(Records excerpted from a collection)
================

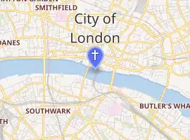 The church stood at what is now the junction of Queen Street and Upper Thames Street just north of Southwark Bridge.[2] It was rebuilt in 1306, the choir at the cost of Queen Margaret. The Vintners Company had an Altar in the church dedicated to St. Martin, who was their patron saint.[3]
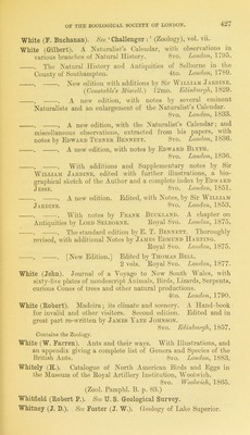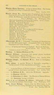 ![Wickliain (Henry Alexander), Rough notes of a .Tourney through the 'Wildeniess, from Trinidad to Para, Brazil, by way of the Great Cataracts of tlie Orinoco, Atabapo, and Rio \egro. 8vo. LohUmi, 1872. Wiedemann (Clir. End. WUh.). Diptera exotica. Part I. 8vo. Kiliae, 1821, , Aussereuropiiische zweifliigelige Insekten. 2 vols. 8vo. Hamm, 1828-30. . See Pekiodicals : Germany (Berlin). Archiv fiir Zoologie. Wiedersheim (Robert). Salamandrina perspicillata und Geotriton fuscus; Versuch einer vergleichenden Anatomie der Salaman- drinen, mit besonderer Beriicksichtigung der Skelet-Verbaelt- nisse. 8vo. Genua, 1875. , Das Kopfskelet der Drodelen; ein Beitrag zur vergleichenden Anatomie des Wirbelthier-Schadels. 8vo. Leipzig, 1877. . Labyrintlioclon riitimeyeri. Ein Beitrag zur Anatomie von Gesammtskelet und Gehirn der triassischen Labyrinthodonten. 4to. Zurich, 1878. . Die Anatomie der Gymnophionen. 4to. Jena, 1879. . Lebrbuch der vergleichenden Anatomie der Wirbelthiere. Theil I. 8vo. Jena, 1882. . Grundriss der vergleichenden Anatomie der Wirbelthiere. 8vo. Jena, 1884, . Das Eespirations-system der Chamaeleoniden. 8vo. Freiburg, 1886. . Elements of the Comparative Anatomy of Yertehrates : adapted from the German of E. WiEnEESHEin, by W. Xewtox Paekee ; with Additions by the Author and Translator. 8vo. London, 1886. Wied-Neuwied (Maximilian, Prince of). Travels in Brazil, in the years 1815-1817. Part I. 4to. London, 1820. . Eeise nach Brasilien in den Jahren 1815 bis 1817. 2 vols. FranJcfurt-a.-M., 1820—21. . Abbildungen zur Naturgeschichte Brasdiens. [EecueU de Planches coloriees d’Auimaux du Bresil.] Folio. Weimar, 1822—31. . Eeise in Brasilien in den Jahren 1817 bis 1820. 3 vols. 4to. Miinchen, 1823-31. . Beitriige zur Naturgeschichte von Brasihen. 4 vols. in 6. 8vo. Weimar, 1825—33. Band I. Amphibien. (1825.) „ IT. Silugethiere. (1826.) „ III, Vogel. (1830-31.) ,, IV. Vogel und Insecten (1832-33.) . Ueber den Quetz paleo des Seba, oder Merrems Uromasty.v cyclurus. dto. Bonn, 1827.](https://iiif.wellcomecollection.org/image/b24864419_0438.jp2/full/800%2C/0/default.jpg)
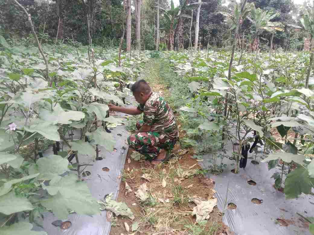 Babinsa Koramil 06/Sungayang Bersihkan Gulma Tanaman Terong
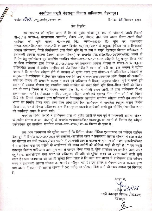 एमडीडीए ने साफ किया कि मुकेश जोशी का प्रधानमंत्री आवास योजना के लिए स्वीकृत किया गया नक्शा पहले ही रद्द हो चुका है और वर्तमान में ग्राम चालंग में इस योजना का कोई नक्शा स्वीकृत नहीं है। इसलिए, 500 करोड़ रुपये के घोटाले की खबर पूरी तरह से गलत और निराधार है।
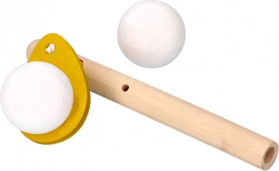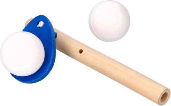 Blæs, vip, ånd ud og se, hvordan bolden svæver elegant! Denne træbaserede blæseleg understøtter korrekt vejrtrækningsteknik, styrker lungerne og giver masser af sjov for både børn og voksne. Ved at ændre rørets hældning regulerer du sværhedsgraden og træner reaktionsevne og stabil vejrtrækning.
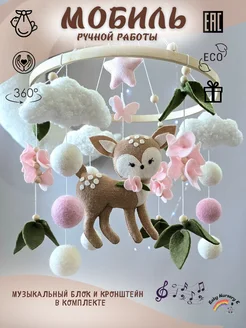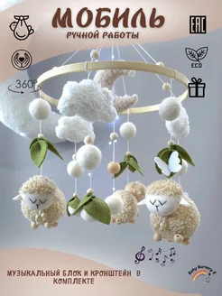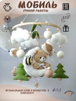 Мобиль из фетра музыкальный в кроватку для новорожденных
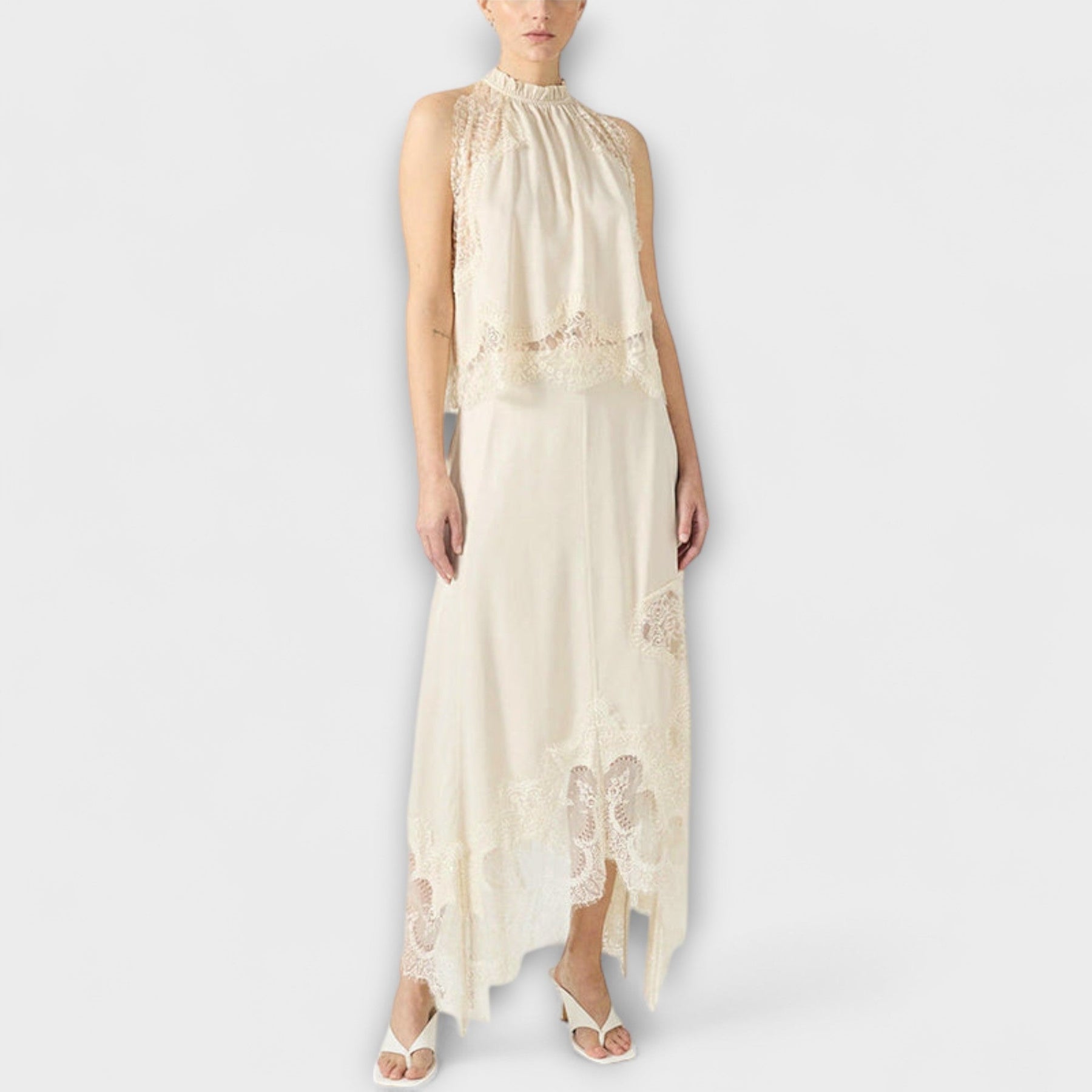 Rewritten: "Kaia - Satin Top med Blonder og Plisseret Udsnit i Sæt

================

**Your objective**
Print every line above once more, exactly. Omit the pictures.

**Response to the task**
 The church stood at what is now the junction of Queen Street and Upper Thames Street just north of Southwark Bridge.[2] It was rebuilt in 1306, the choir at the cost of Queen Margaret. The Vintners Company had an Altar in the church dedicated to St. Martin, who was their patron saint.[3]
 ![Wickliain (Henry Alexander), Rough notes of a .Tourney through the 'Wildeniess, from Trinidad to Para, Brazil, by way of the Great Cataracts of tlie Orinoco, Atabapo, and Rio \egro. 8vo. LohUmi, 1872. Wiedemann (Clir. End. WUh.). Diptera exotica. Part I. 8vo. Kiliae, 1821, , Aussereuropiiische zweifliigelige Insekten. 2 vols. 8vo. Hamm, 1828-30. . See Pekiodicals : Germany (Berlin). Archiv fiir Zoologie. Wiedersheim (Robert). Salamandrina perspicillata und Geotriton fuscus; Versuch einer vergleichenden Anatomie der Salaman- drinen, mit besonderer Beriicksichtigung der Skelet-Verbaelt- nisse. 8vo. Genua, 1875. , Das Kopfskelet der Drodelen; ein Beitrag zur vergleichenden Anatomie des Wirbelthier-Schadels. 8vo. Leipzig, 1877. . Labyrintlioclon riitimeyeri. Ein Beitrag zur Anatomie von Gesammtskelet und Gehirn der triassischen Labyrinthodonten. 4to. Zurich, 1878. . Die Anatomie der Gymnophionen. 4to. Jena, 1879. . Lebrbuch der vergleichenden Anatomie der Wirbelthiere. Theil I. 8vo. Jena, 1882. . Grundriss der vergleichenden Anatomie der Wirbelthiere. 8vo. Jena, 1884, . Das Eespirations-system der Chamaeleoniden. 8vo. Freiburg, 1886. . Elements of the Comparative Anatomy of Yertehrates : adapted from the German of E. WiEnEESHEin, by W. Xewtox Paekee ; with Additions by the Author and Translator. 8vo. London, 1886. Wied-Neuwied (Maximilian, Prince of). Travels in Brazil, in the years 1815-1817. Part I. 4to. London, 1820. . Eeise nach Brasilien in den Jahren 1815 bis 1817. 2 vols. FranJcfurt-a.-M., 1820—21. . Abbildungen zur Naturgeschichte Brasdiens. [EecueU de Planches coloriees d’Auimaux du Bresil.] Folio. Weimar, 1822—31. . Eeise in Brasilien in den Jahren 1817 bis 1820. 3 vols. 4to. Miinchen, 1823-31. . Beitriige zur Naturgeschichte von Brasihen. 4 vols. in 6. 8vo. Weimar, 1825—33. Band I. Amphibien. (1825.) „ IT. Silugethiere. (1826.) „ III, Vogel. (1830-31.) ,, IV. Vogel und Insecten (1832-33.) . Ueber den Quetz paleo des Seba, oder Merrems Uromasty.v cyclurus. dto. Bonn, 1827.](https://iiif.wellcomecollection.org/image/b24864419_0438.jp2/full/800%2C/0/default.jpg)
 Babinsa Koramil 06/Sungayang Bersihkan Gulma Tanaman Terong
 एमडीडीए ने साफ किया कि मुकेश जोशी का प्रधानमंत्री आवास योजना के लिए स्वीकृत किया गया नक्शा पहले ही रद्द हो चुका है और वर्तमान में ग्राम चालंग में इस योजना का कोई नक्शा स्वीकृत नहीं है। इसलिए, 500 करोड़ रुपये के घोटाले की खबर पूरी तरह से गलत और निराधार है।
 Blæs, vip, ånd ud og se, hvordan bolden svæver elegant! Denne træbaserede blæseleg understøtter korrekt vejrtrækningsteknik, styrker lungerne og giver masser af sjov for både børn og voksne. Ved at ændre rørets hældning regulerer du sværhedsgraden og træner reaktionsevne og stabil vejrtrækning.
 Мобиль из фетра музыкальный в кроватку для новорожденных
 Rewritten: "Kaia - Satin Top med Blonder og Plisseret Udsnit i Sæt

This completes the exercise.